What the task asks :: The task for the listing below is to write out exactly the lines starting at the one containing "The Canadian Foundation" and ending at the one containing "Our Cosima twin", both included. Pictures are to be omitted.

Data for this task ::
BEGIN
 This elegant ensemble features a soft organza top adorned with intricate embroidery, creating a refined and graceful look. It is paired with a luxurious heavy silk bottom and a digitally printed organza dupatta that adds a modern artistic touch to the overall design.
END
BEGIN
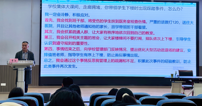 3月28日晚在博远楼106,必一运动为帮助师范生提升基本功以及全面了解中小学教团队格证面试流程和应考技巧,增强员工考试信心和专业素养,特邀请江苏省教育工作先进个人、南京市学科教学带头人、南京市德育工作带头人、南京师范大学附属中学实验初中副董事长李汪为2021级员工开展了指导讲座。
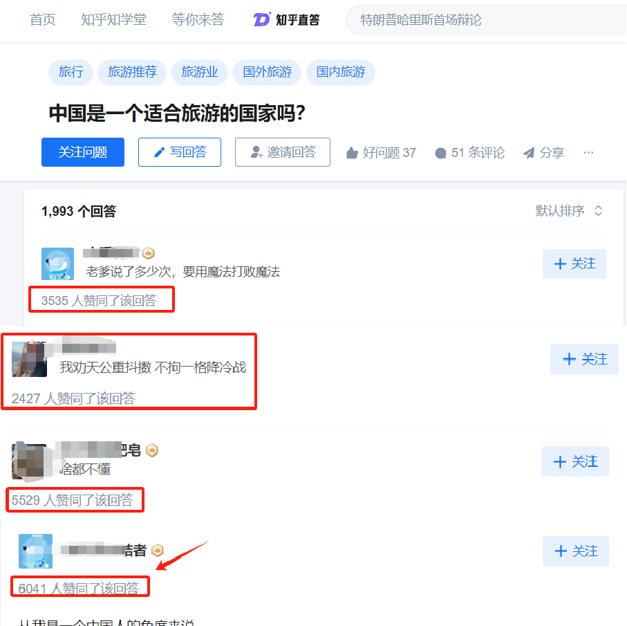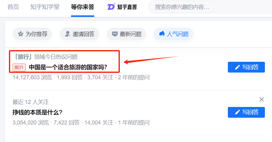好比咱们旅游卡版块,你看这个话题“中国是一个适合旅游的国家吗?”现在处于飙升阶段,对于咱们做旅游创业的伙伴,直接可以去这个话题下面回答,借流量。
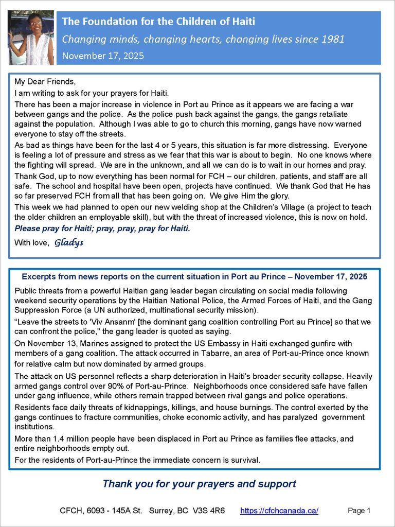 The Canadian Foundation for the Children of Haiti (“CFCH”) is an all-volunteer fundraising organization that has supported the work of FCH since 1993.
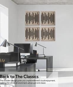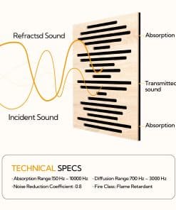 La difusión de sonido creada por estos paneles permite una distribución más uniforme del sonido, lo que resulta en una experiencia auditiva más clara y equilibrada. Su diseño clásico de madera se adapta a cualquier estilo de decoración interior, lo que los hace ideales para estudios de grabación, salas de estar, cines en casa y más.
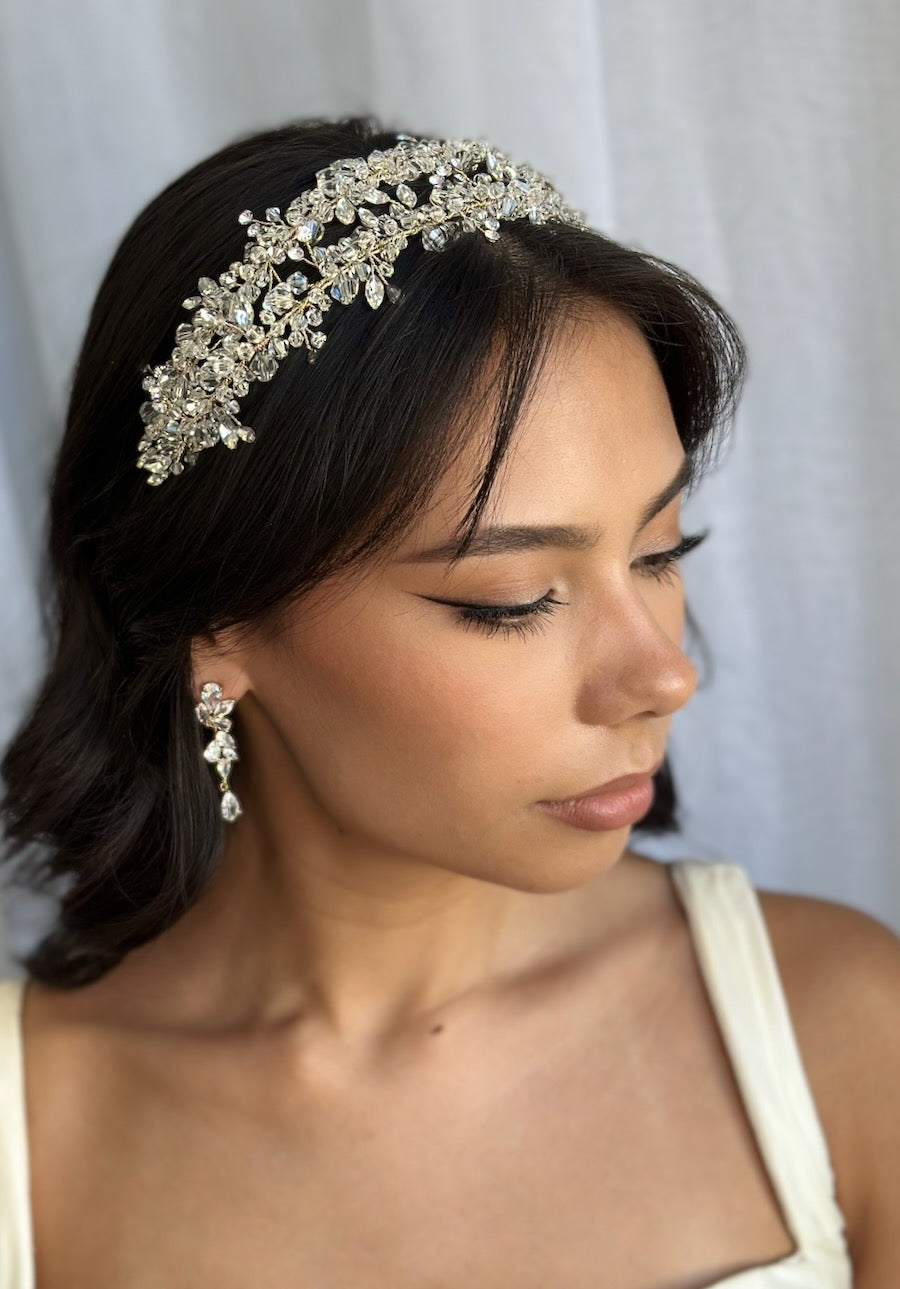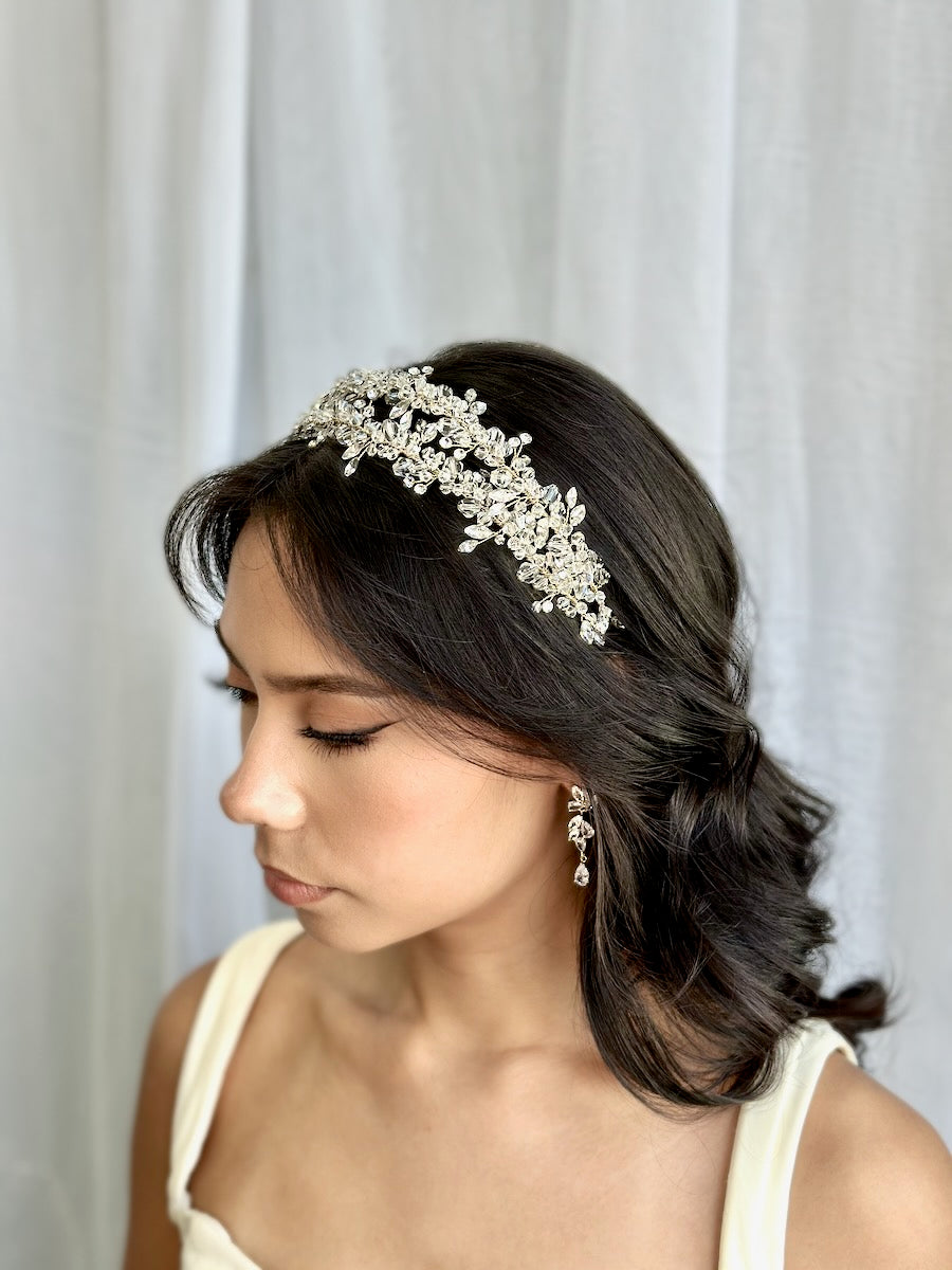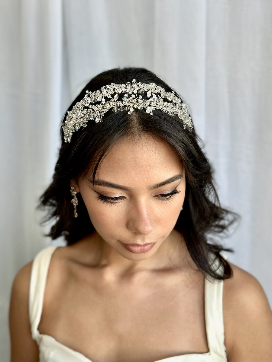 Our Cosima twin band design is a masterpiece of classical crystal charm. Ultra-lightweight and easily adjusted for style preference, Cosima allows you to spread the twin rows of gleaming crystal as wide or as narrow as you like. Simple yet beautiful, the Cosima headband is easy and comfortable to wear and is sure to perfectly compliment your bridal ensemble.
END
BEGIN
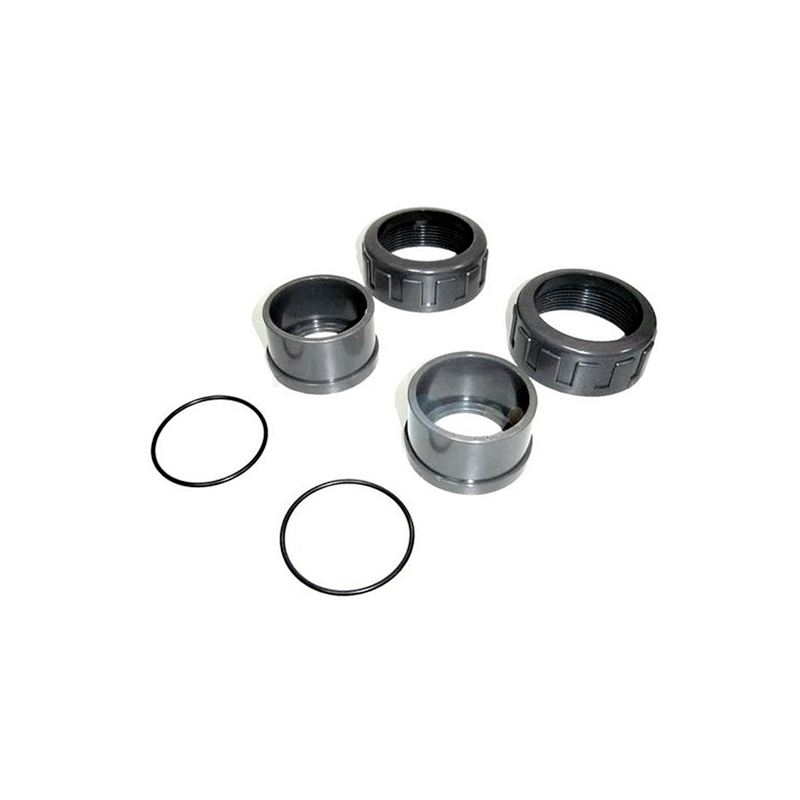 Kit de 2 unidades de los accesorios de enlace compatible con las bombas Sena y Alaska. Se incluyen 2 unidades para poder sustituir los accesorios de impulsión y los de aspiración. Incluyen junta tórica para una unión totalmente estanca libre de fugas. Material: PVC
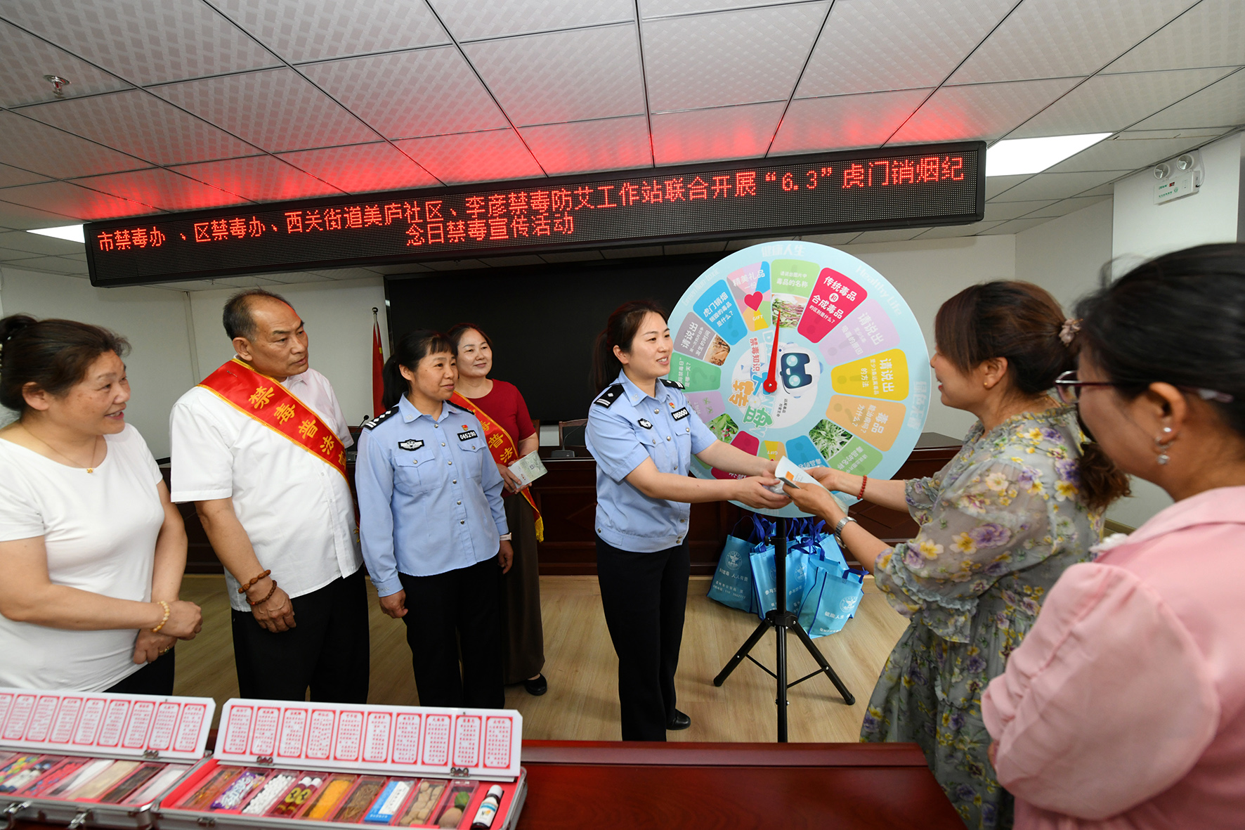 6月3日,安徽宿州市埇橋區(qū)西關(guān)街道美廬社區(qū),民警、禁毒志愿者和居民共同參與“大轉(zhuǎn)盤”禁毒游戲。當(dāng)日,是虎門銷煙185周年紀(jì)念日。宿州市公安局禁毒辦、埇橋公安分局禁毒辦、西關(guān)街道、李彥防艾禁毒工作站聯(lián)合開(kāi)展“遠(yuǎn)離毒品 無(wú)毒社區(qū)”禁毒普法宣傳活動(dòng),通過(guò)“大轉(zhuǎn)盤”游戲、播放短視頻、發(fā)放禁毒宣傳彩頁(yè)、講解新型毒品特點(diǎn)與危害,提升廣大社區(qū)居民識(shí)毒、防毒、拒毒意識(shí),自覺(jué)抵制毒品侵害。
END
Result of this exercise ::
 The Canadian Foundation for the Children of Haiti (“CFCH”) is an all-volunteer fundraising organization that has supported the work of FCH since 1993.
 La difusión de sonido creada por estos paneles permite una distribución más uniforme del sonido, lo que resulta en una experiencia auditiva más clara y equilibrada. Su diseño clásico de madera se adapta a cualquier estilo de decoración interior, lo que los hace ideales para estudios de grabación, salas de estar, cines en casa y más.
 Our Cosima twin band design is a masterpiece of classical crystal charm. Ultra-lightweight and easily adjusted for style preference, Cosima allows you to spread the twin rows of gleaming crystal as wide or as narrow as you like. Simple yet beautiful, the Cosima headband is easy and comfortable to wear and is sure to perfectly compliment your bridal ensemble.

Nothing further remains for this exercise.